■ **Work instructions**
Using the data below, return word for word every line from the one holding "Clásicos tallarines en" down to the one holding "Dieses Wallet Case". Leave pictures out.

■ **Records excerpted from a collection**
╔══

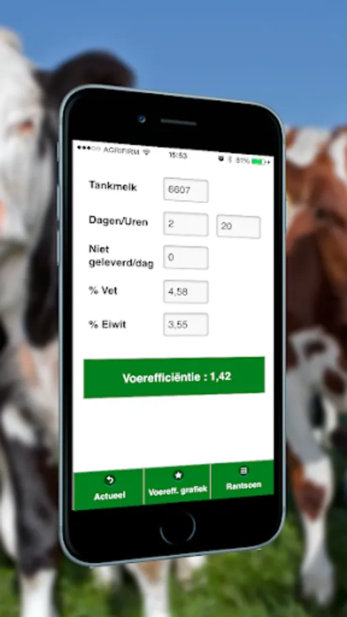 You have direct insight into your latest milk tank data, milk control and feed balance. Thanks to the insights you get with the app, you can switch the ration in time and you have the results at your fingertips. You can also easily calculate your feed efficiency in the Agrifirm Focus Dairy Cattle app. An increase of 0.1 point in feed efficiency yields €30,000 on a farm of 100 cows. It therefore pays to calculate your feed efficiency and, if necessary, improve it. That is why Agrifirm Feed has developed a calculation program with which you can easily calculate and keep track of the feed efficiency yourself. The result? More milk from feed!
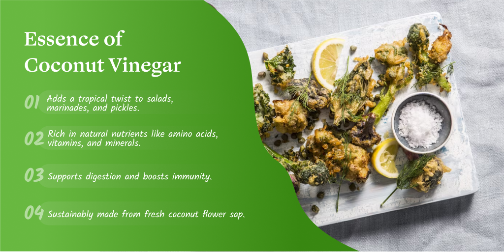 The star ingredient is sweet coconut flower nectar. Through careful fermentation and aging, it transforms into a complex vinegar full of natural flavours. You'll taste subtle sweet notes balanced perfectly with a bright acidity. Each batch is aged traditionally to develop its signature taste profile.
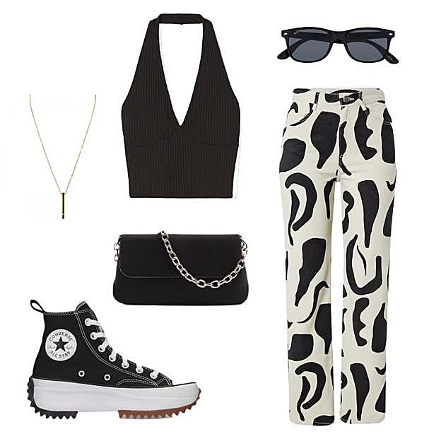 Apto para el día a día. El blanco y negro es un combo ideal para darle un aire más soft a tus looks. Es la propuesta que más se parece a la de María Pombo, y copiarla es muy fácil. Para ello, hemos escogido unos pantalones estampados de About You (29,99€), un top cogido al cuello con escote en V de Bershka (9,99€) y unas zapatillas de Converse (110€). Como complementos, hemos optado por un bolso con cadenas de Parfois (22,99€), una cadena dorada de Joys (10,99€) y unas gafas de sol negras de Ray Ban (29€).
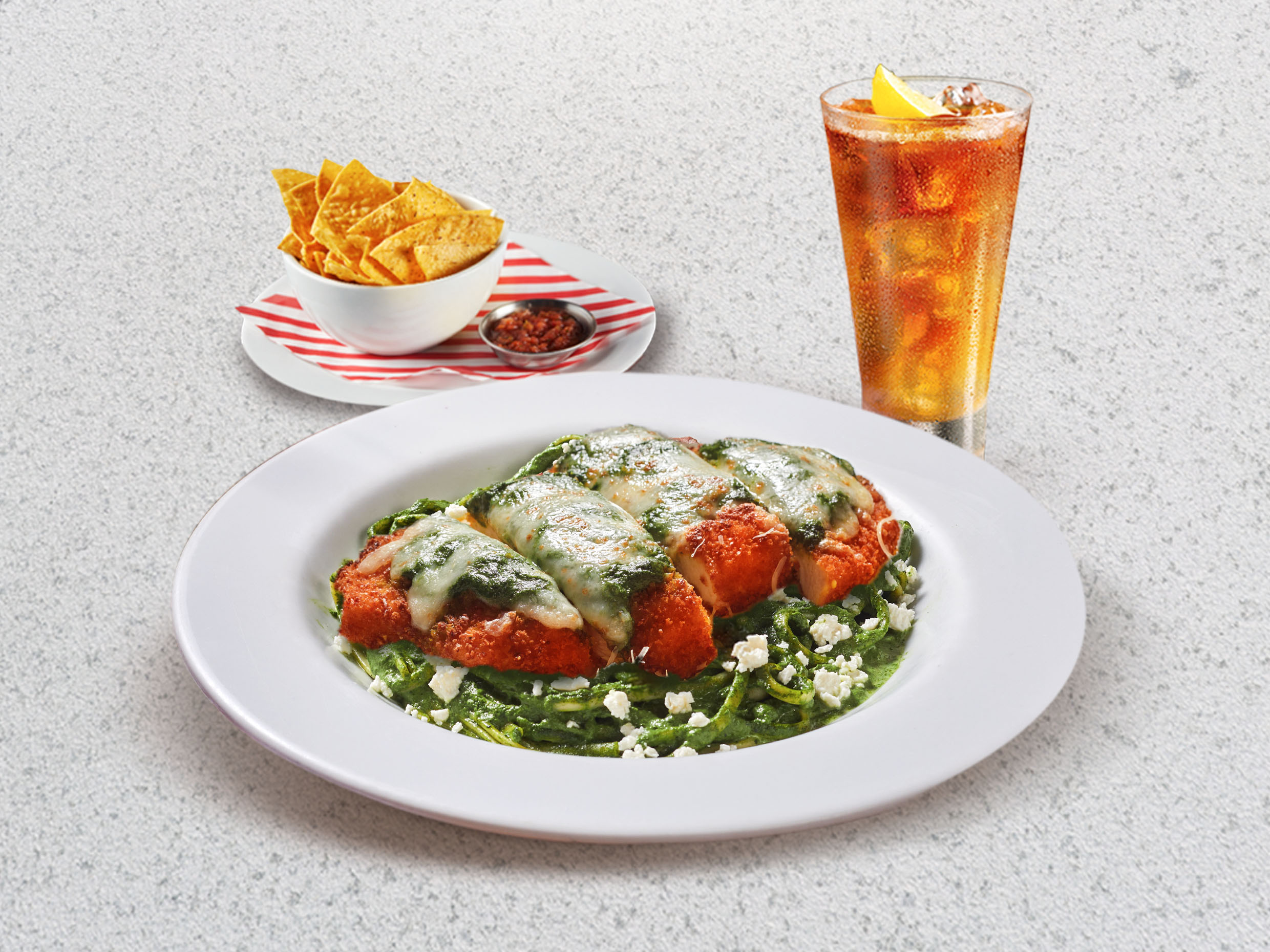Clásicos tallarines en salsa de espinaca y albahaca, acompañado con milanesa de pollo. Incluye entrada y bebida.
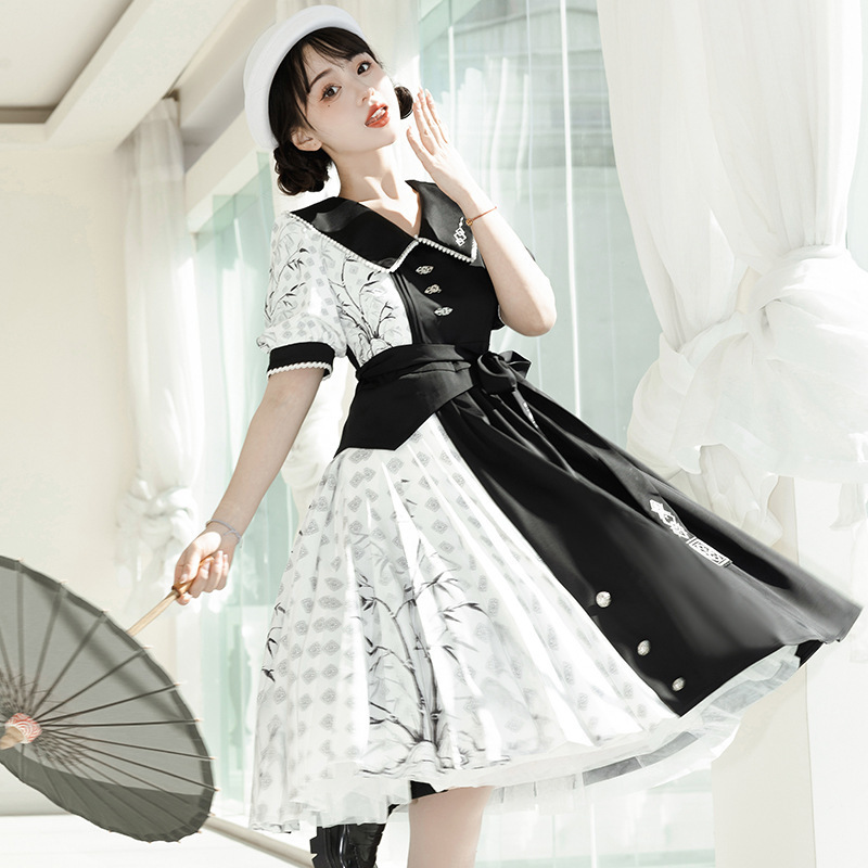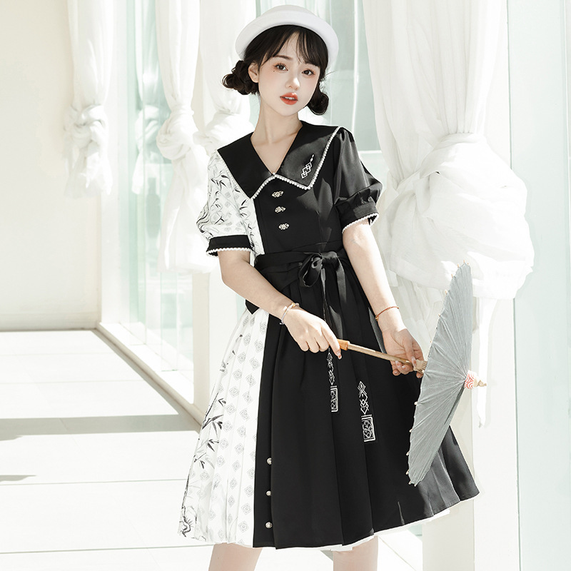 | nameOriginal | Original design ink bamboo short sleeve Chinese style improved daily Hanfu female Han Element New Chinese style dress 8542 |
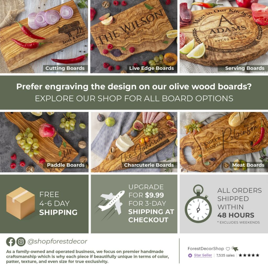 Discover Forest Decor's exquisite hand-crafted wood products, including olive wood cutting board, utensils, rustic novelties, and personalized items. Contact us to reach out directly at (801) 784-848.
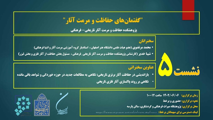 پنجمين نشست از سلسله نشستهاي «گفتمانهاي حفاظت و مرمت آثار» 6 شهريور 1402 ساعت 10 تا 12 بصورت حضوري و بر خط در محل پژوهشگاه برگزار ميشود.
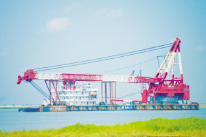 中鐵大橋局千噸起重船抵達(dá)孟加拉國 這是5月20日在孟加拉國帕德瑪大橋項(xiàng)目施工區(qū)域拍攝的中鐵大橋局千噸起重船。經(jīng)歷一個多月的海上航行,從青島起航的中鐵大橋局“瑞航05”起重船于5月19日抵達(dá)孟加拉國帕德瑪大橋施工區(qū),為大橋建設(shè)提供重要保障。新華社發(fā)
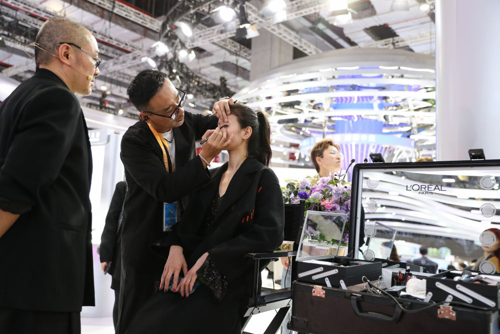 2025年11月7日,觀眾在第八屆進博會消費品展區(qū)歐萊雅展臺體驗美妝服務。歐萊雅是進博會八屆“全勤生”。本屆進博會共有170家企業(yè)和27家機構成為簽約參展的八年“全勤生”,進博會“全勤生”們的參會熱情印證了中國持續(xù)推動高水平對外開放的堅定姿態(tài),也彰顯了中國為各國企業(yè)提供共享中國市場寶貴機遇的誠意。
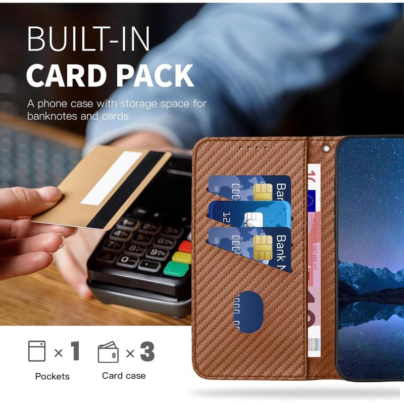 Dieses Wallet Case bietet elegantes Design, zuverlässigen Schutz und intelligente Benutzerfreundlichkeit. Die strukturierte Karbonfaser-Oberfläche sorgt für einen modernen, professionellen Look, während die innere TPU-Schicht Stöße bei versehentlichen Stürzen absorbiert. Die Freisprechfunktion und der abnehmbare Riemen sorgen für Komfort und Vielseitigkeit.
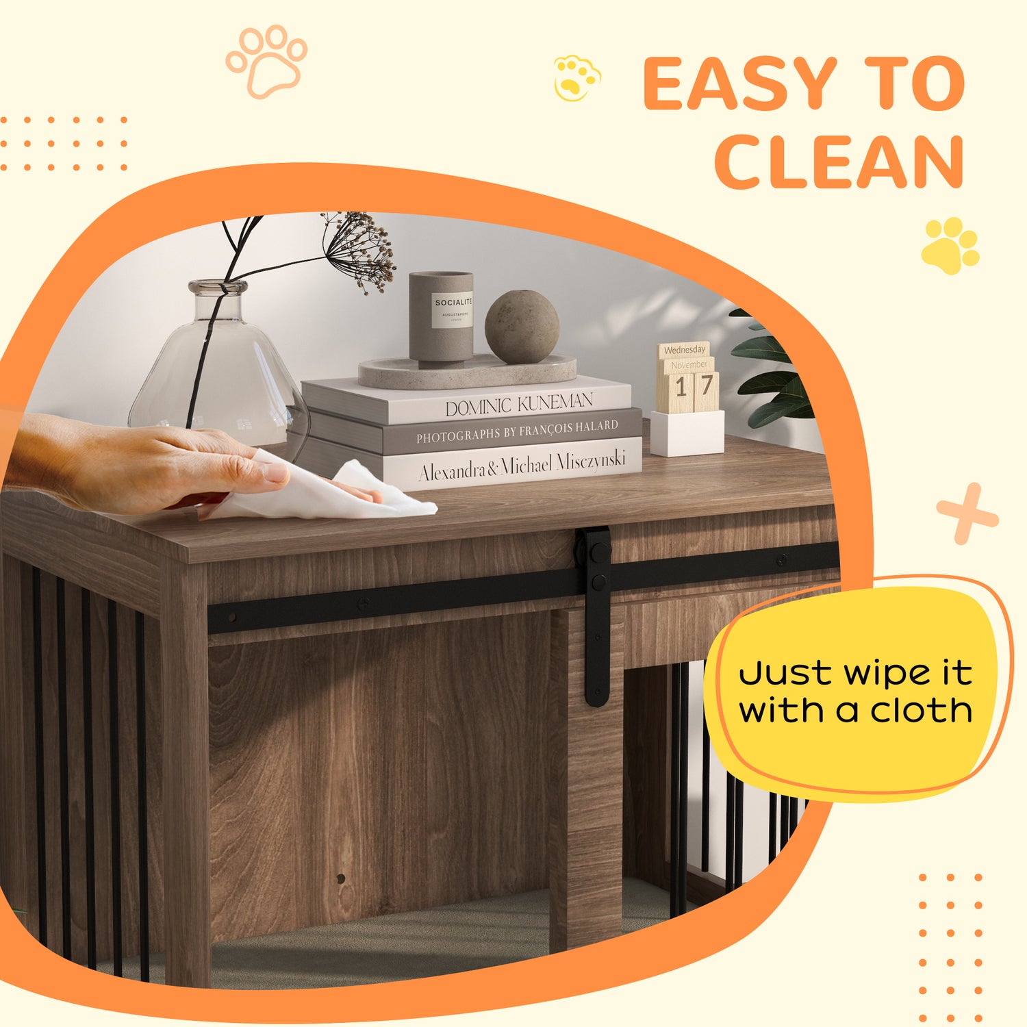 - Stylish: A chestnut wood effect appearance, this dog crate furniture blends beautifully with your home decor. There are spaced bars on three of the sides, keeping their space cool and comfortable.
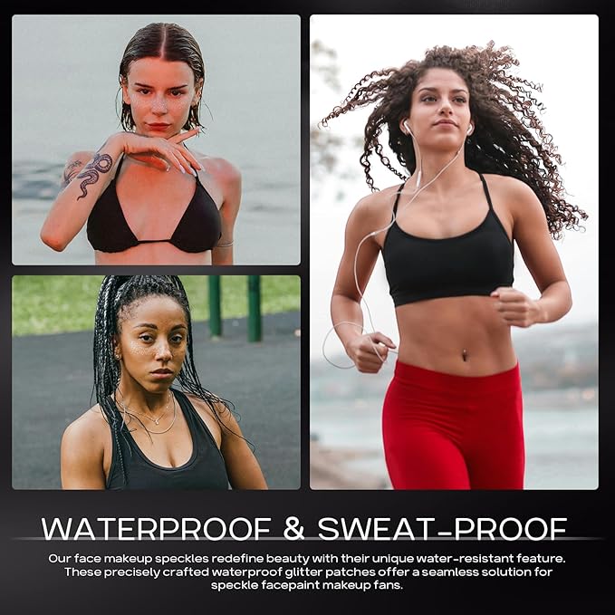 - WATERPROOF FACE GLITTER FRECKLES : Whether you're working out at gym, spending a day by pool, or enduring inclement weather, our face paint spots will stay in place and maintain their vibrant colors and perfect finish.
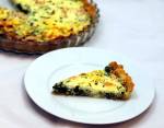 Tarta z łososiem i szpinakiem 292Ciasto przykryć folią aluminiową i odstawić na godzinę do lodówki. Po tym czasie nagrzać piekarnik do 190°C. Ciasto rozwałkować podsypując mąką i wyłożyć w formie wysmarowanej masłem. Na cieście ułożyć folię aluminiową oraz obciążenie (mogą to być specjalne kulki do tarty lub np. fasola). Piec 15 minut, a następnie zdjąć folię z obciążeniem i piec jeszcze ok. 10 minut(...)całkowitego odparowania wody. Mascarpone wymieszać z jogurtem i większością parmezanu (ok. 15 g zostawić na posypanie wierzchu). Na podpieczonym spodzie rozłożyć szpinak, a następnie łyżką wyłożyć 2/3 masy serowej. Delikatnie rozprowadzić łyżką. Masa jest dość gęstą. Na wierzchu ułożyć plastry łososia (delikatnie rwać je ręką na mniejsze kawałki). Całość przykryć pozostałą częścią masy serowej. Wierzch wyrównać łyżką i posypać parmezanem
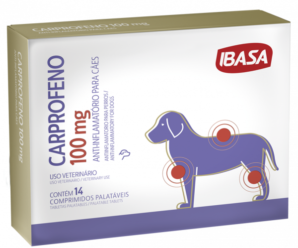 Cada comprimido de 100mg contém: Carprofeno -100,00mg – Excipiente q.s.p – 1200,00mg
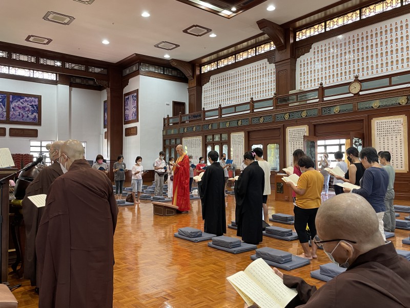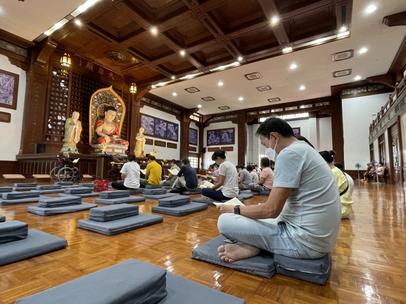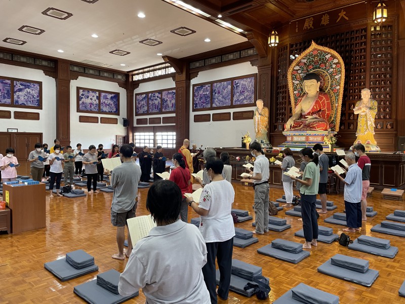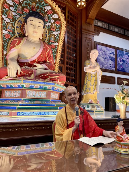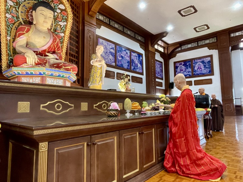 2023年8月30日(农历七月十五)上午10时半,檀香寺于6楼大雄殿举行佛前大供,檀香寺开山唯悟法师亲自主法带领大众恭诵《佛说盂兰盆经》 以及佛法开示。

╚══

■ **Output for this task**
Clásicos tallarines en salsa de espinaca y albahaca, acompañado con milanesa de pollo. Incluye entrada y bebida.
 | nameOriginal | Original design ink bamboo short sleeve Chinese style improved daily Hanfu female Han Element New Chinese style dress 8542 |
 Discover Forest Decor's exquisite hand-crafted wood products, including olive wood cutting board, utensils, rustic novelties, and personalized items. Contact us to reach out directly at (801) 784-848.
 پنجمين نشست از سلسله نشستهاي «گفتمانهاي حفاظت و مرمت آثار» 6 شهريور 1402 ساعت 10 تا 12 بصورت حضوري و بر خط در محل پژوهشگاه برگزار ميشود.
 中鐵大橋局千噸起重船抵達(dá)孟加拉國 這是5月20日在孟加拉國帕德瑪大橋項(xiàng)目施工區(qū)域拍攝的中鐵大橋局千噸起重船。經(jīng)歷一個多月的海上航行,從青島起航的中鐵大橋局“瑞航05”起重船于5月19日抵達(dá)孟加拉國帕德瑪大橋施工區(qū),為大橋建設(shè)提供重要保障。新華社發(fā)
 2025年11月7日,觀眾在第八屆進博會消費品展區(qū)歐萊雅展臺體驗美妝服務。歐萊雅是進博會八屆“全勤生”。本屆進博會共有170家企業(yè)和27家機構成為簽約參展的八年“全勤生”,進博會“全勤生”們的參會熱情印證了中國持續(xù)推動高水平對外開放的堅定姿態(tài),也彰顯了中國為各國企業(yè)提供共享中國市場寶貴機遇的誠意。
 Dieses Wallet Case bietet elegantes Design, zuverlässigen Schutz und intelligente Benutzerfreundlichkeit. Die strukturierte Karbonfaser-Oberfläche sorgt für einen modernen, professionellen Look, während die innere TPU-Schicht Stöße bei versehentlichen Stürzen absorbiert. Die Freisprechfunktion und der abnehmbare Riemen sorgen für Komfort und Vielseitigkeit.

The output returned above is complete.